▸ **Extracted entries**
┄┄┄┄┄┄┄┄┄┄┄┄┄┄┄┄┄┄┄┄

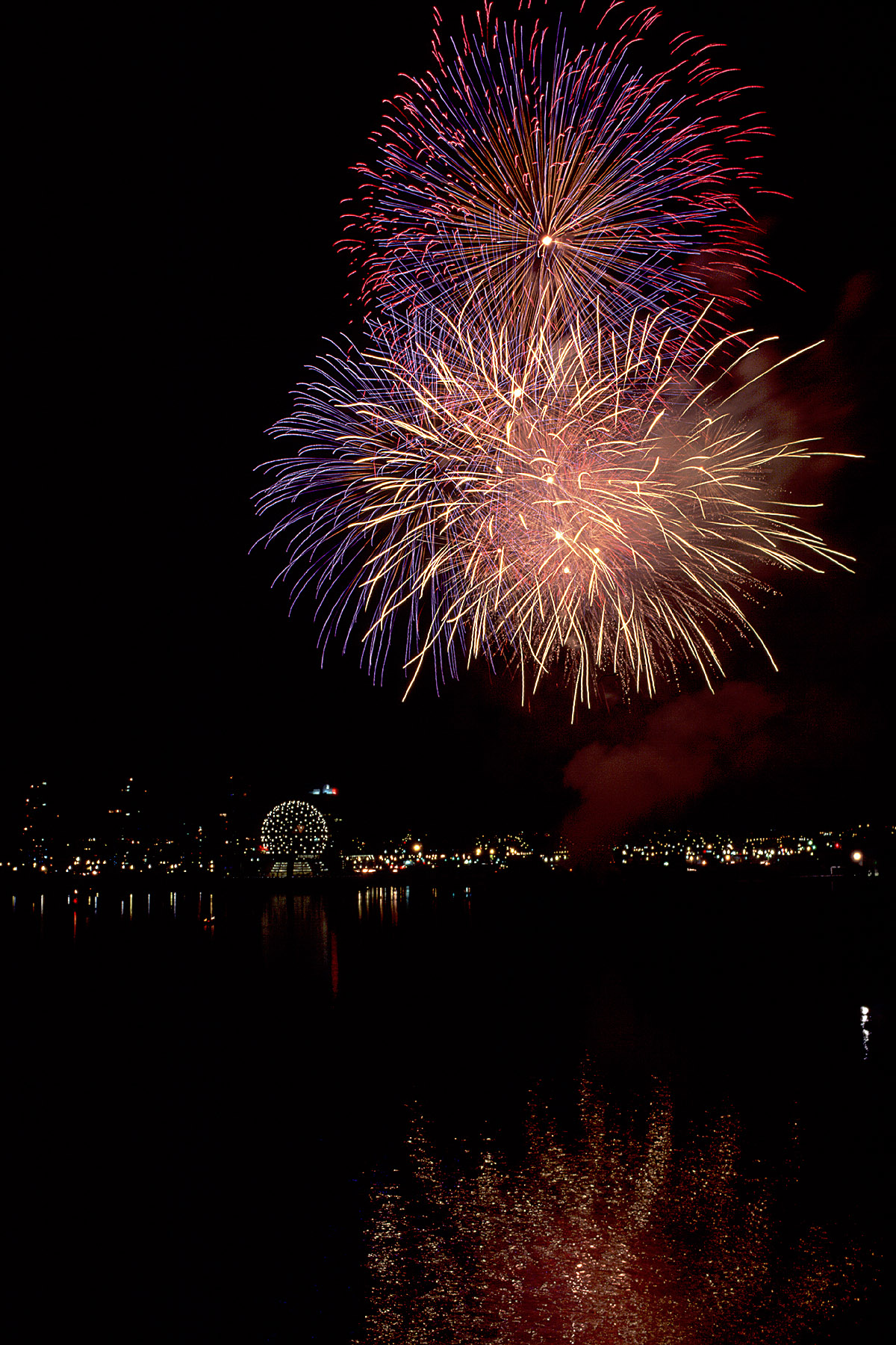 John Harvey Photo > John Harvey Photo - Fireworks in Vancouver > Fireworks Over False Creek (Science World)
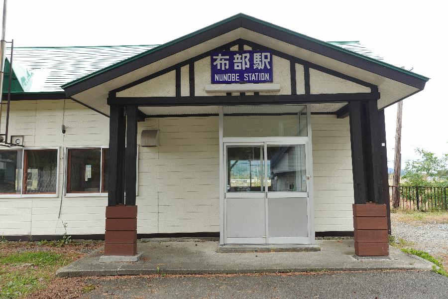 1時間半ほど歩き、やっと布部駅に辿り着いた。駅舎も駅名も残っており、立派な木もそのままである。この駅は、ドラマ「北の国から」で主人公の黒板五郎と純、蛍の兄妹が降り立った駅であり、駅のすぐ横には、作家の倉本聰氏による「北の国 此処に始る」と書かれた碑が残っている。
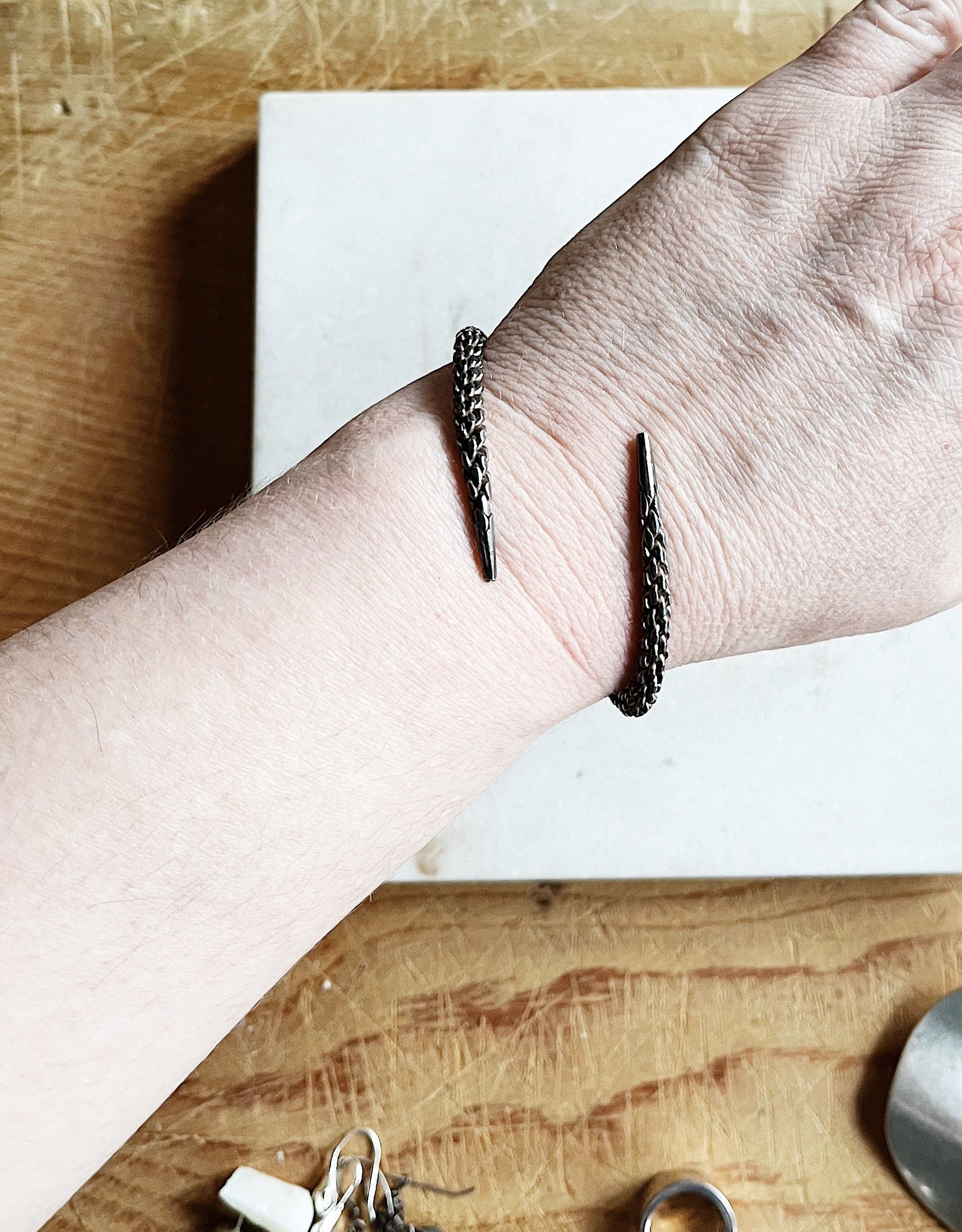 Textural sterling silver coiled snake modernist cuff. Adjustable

┄┄┄┄┄┄┄┄┄┄┄┄┄┄┄┄┄┄┄┄

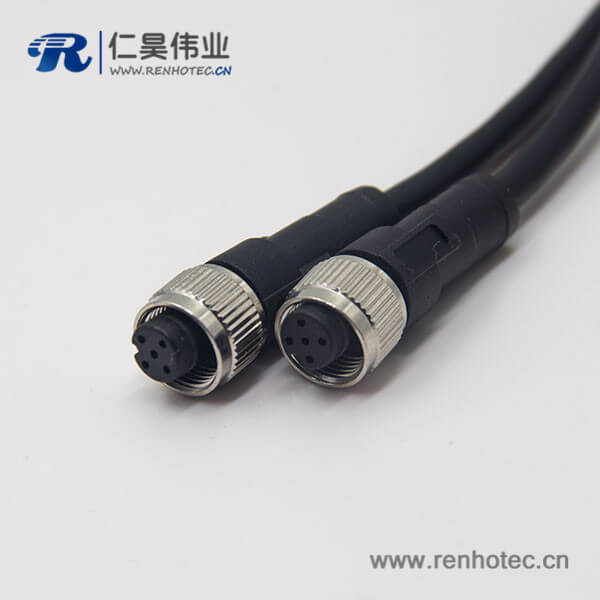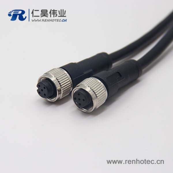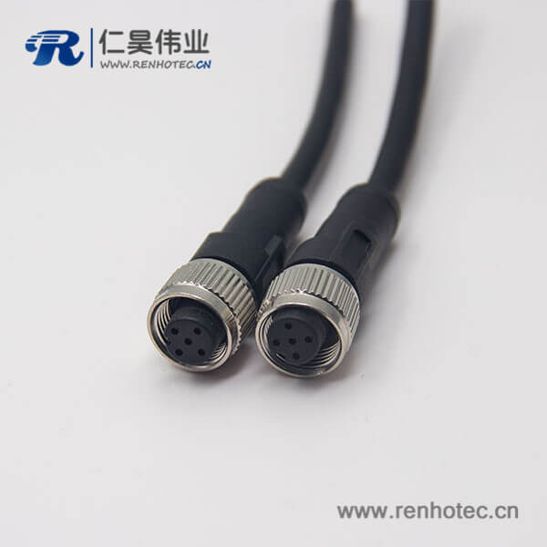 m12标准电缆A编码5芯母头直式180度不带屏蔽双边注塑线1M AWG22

┄┄┄┄┄┄┄┄┄┄┄┄┄┄┄┄┄┄┄┄

▸ **Exercise directions**
Starting with the line that contains "John Harvey Photo >" and finishing with the line that contains "Textural sterling silver", reproduce every line of the material above exactly, but not the pictures.

▸ **Expected answer**
 John Harvey Photo > John Harvey Photo - Fireworks in Vancouver > Fireworks Over False Creek (Science World)
 1時間半ほど歩き、やっと布部駅に辿り着いた。駅舎も駅名も残っており、立派な木もそのままである。この駅は、ドラマ「北の国から」で主人公の黒板五郎と純、蛍の兄妹が降り立った駅であり、駅のすぐ横には、作家の倉本聰氏による「北の国 此処に始る」と書かれた碑が残っている。
 Textural sterling silver coiled snake modernist cuff. Adjustable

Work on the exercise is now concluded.